Зато уже после венчания состоялось очередное заседание Думы, на котором вновь поднялся вопрос Ливонии. Не учесть пожеланий новгородской элиты государь не мог, чтобы там не говорили про всесильных самодержцев. С другой стороны, все шпеги и доброхоты как один несли весть, что крымский хан вельми на Литву обижен и больших сил на Русь посылать пока не готов. К тому же мятежный Ислам-Гирей продолжал угрожать спокойствию Крыма, так что большого похода оттуда ждать действительно не приходилось. Сложилась та редкая ситуация, когда на границах Руси было относительно тихо, а у намеченной жертвы практически не было союзников, потому как все союзники были заняты более важными делами. Вот только и в Думе не было полного согласия.
Споры доходили до потасовок, дошло до того, что и Андрею пришлось пару раз посохом махнуть для вразумления некоторых. А единого решения всё так и не находилось. И напрасно сторонники войны рассказывали, что Ливонская земля "хлебом обильна". Некоторые думцы уже и поговаривать стали, что за убийство посла хватит и пени, которую ливонцы присовокупят к дани, да и покончить на этом. Ибо юг и его чернозёмы были им куда важнее.
А тут ещё в Новгород неожиданно прибыло ливонское посольство, и между ним и Москвой каруселью засновали гонцы, согласовывая единую линию поведения. Вот только вскоре выяснилось, что таким образом магистр просто хотел оттянуть момент вторжения со стороны Руси, дабы иметь резерв времени для решения своих задач.
Слабость позиций Ливонской конфедерации определялась отсутствием эффективной внешней поддержки. Император Карл V, чьим вассалом считался Орден, был занят войной с Францией и противостоянием с турками, из-за чего просто не мог оказать тому действенной помощи. Римская курия, запутавшись в собственных интригах и войнах с соседями, также не могла улучшить его финансовое состояние и укрепить его военный потенциал.
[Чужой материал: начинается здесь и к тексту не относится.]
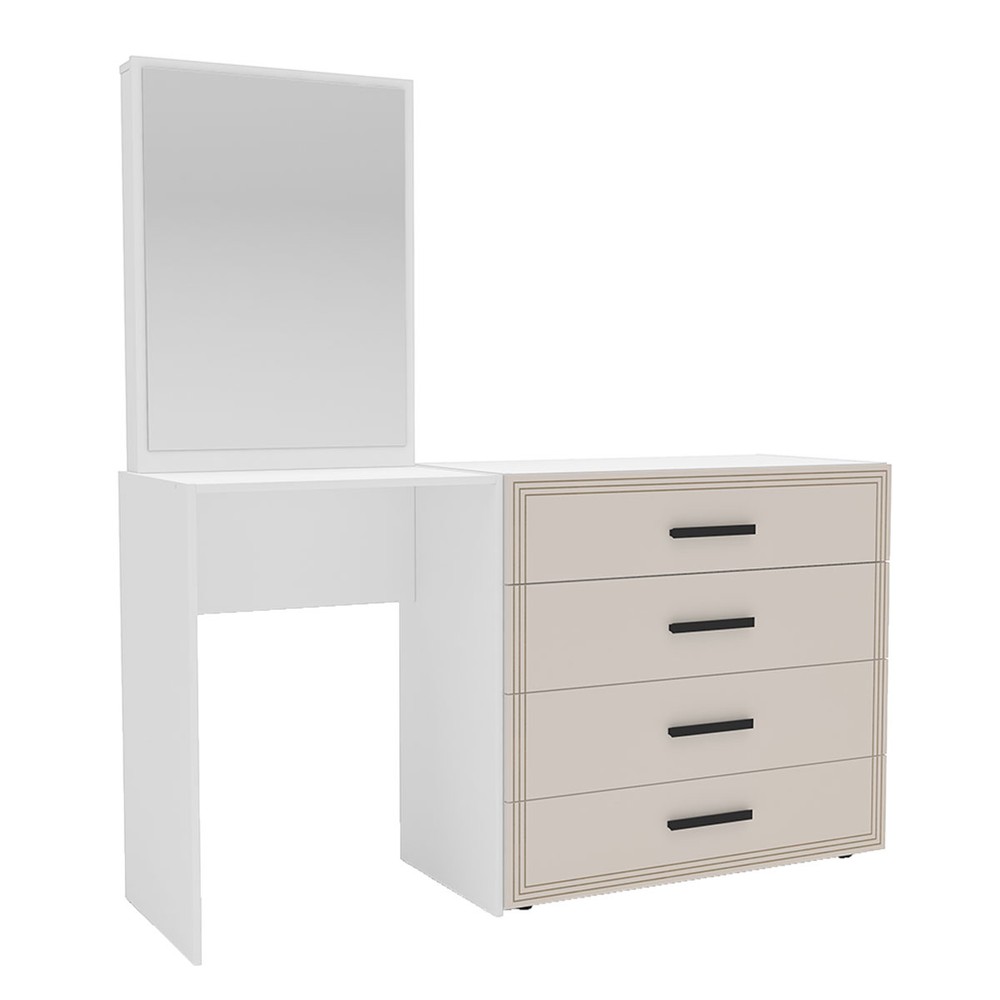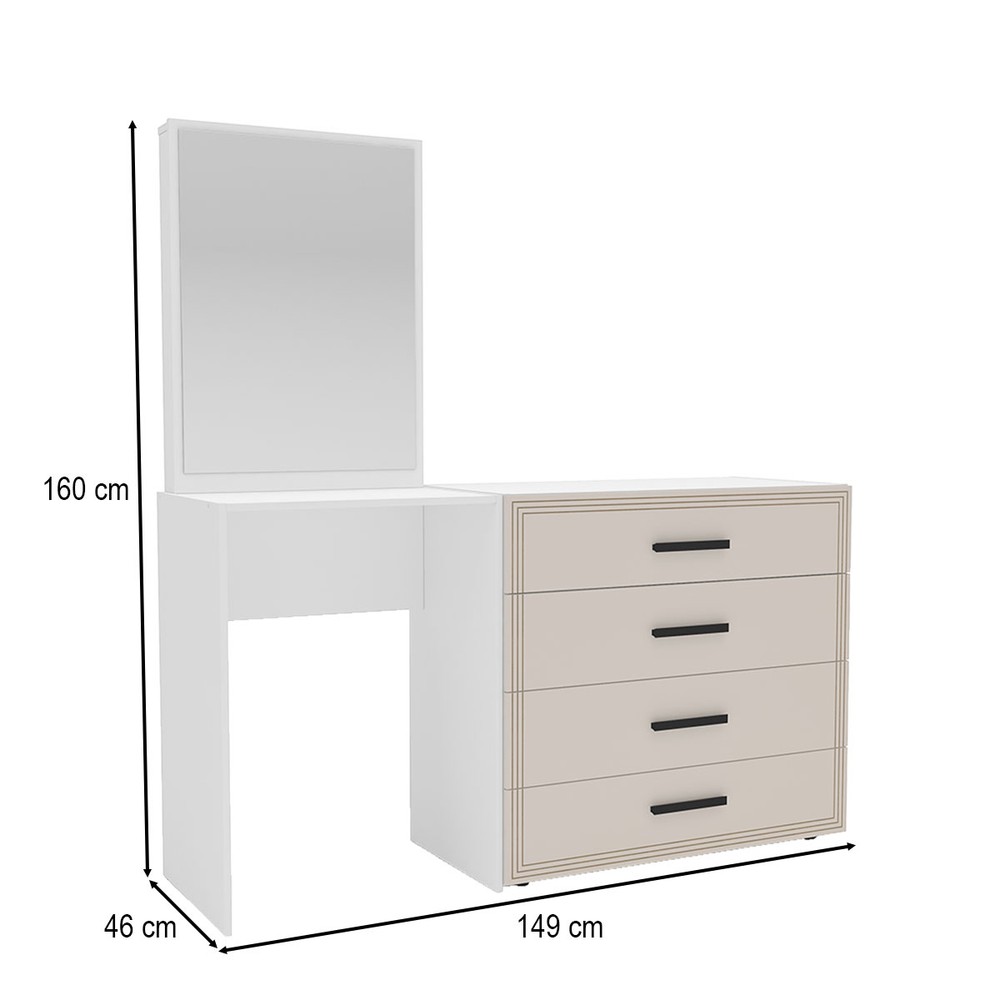 Cômoda Valência 4 Gavetas com Espelho Creme/Branco - Politorno

Польский король и литовский великий князь Сигизмунд I, после понесённого им разгромного поражения в недавней войне с Русским государством, не только не желал в ближайшее время нового конфликта с ним, но и сам с интересом посматривал на пограничные земли Ливонии, за которые между литвинами и ливонцами шла постоянная борьба. Надежды на шведского короля то же не оправдались. Только что вырвавшийся из-под датского владычества и весь опутанный долгами, Густав Ваза хотя и не испытывал тёплых чувств к русскому царю, но и не желал воевать с ним за чужие интересы, не получив за это достойной компенсации. Каковую Ливония с Ганзой не могли, да и не желали ему предоставлять. А датский король Фредерик I был более заинтересован в борьбе со своим предшественником Кристианом II, чем в новом конфликте на востоке, тем более с Россией, с которой он только что заключил выгодное соглашение.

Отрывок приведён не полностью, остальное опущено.